One Is All The Dodgers Need

SportsArizona DiamondbacksChad BillingsleyJon GarlandManny RamirezJonathan Broxton

LOS ANGELES -- If the Dodgers stick with their current rotation and start Chad Billingsley every fifth game, the right-hander will be on the mound when the team welcomes Manny Ramirez back from his suspension next month in San Diego.

Which seems only fitting since no Dodger has missed Ramirez more than Billingsley.

In his first six starts, with Ramirez on the roster, the right-hander went 5-0. In his last six, without Ramirez, he is 2-3.
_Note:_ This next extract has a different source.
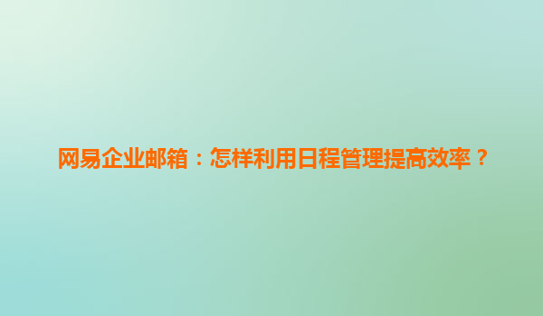 2025-06-28網易企業郵箱:巧用日程管理,提升團隊效率新引擎 一、日程管理的核心價值 在快節奏的商業環境中,時間管理能力直接決定團隊生產力。網易企業郵箱的日程管理功能,將郵件溝通與時間規劃...

In those first six games, the Ramirez-led Dodgers scored more than 6 1/2 runs a game behind Billingsley. In the last six, the Ramirez-less Dodgers have averaged less than half that.

And they made those feeble numbers worse Wednesday, scoring only once while their ace was on the hill. But Billingsley and the bullpen made that stand up for a 1-0 victory over the Arizona Diamondbacks.
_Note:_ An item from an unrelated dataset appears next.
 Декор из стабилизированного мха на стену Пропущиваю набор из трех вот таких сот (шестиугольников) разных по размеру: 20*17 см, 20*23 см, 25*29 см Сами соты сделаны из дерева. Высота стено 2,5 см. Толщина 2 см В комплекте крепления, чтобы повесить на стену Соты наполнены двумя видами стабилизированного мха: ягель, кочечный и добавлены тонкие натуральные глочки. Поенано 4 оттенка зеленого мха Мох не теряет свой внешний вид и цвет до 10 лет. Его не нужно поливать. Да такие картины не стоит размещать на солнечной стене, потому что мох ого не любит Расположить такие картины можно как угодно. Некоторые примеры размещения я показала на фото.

"It's just about the personality of this club," Manager Joe Torre said of his Dodgers, who are a season-high 19 games over .500. "We've played a lot of close games. We've played a lot of one-run games.
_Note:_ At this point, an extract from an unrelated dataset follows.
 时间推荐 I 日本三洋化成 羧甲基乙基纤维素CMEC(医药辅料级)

"It's not good for my stomach. But it's good practice because these guys have been able to rise to the occasion."

Torre's Dodgers have played 17 one-run games to be exact. And they've won 12 of them. Two of those one-run wins have come in shutouts, which is also good practice, especially for Billingsley who has gotten only a run of support in each of his last two starts.

Last time it wasn't enough.

This time, however, he was more gutsy than brilliant, persevering though six innings in which he gave up four hits -- all singles -- and walked four.

Four times the Diamondbacks got runners into scoring position with fewer than two out, but Billingsley (7-3) escaped each time, wiggling out of a bases-loaded jam in the fourth.

"I was trying to just keep us in the game and throw up zeros," Billingsley said.

And to keep the Dodgers in the game he had to throw up zeros because for four innings his teammates couldn't manage a hit off of former Angel Jon Garland (4-5).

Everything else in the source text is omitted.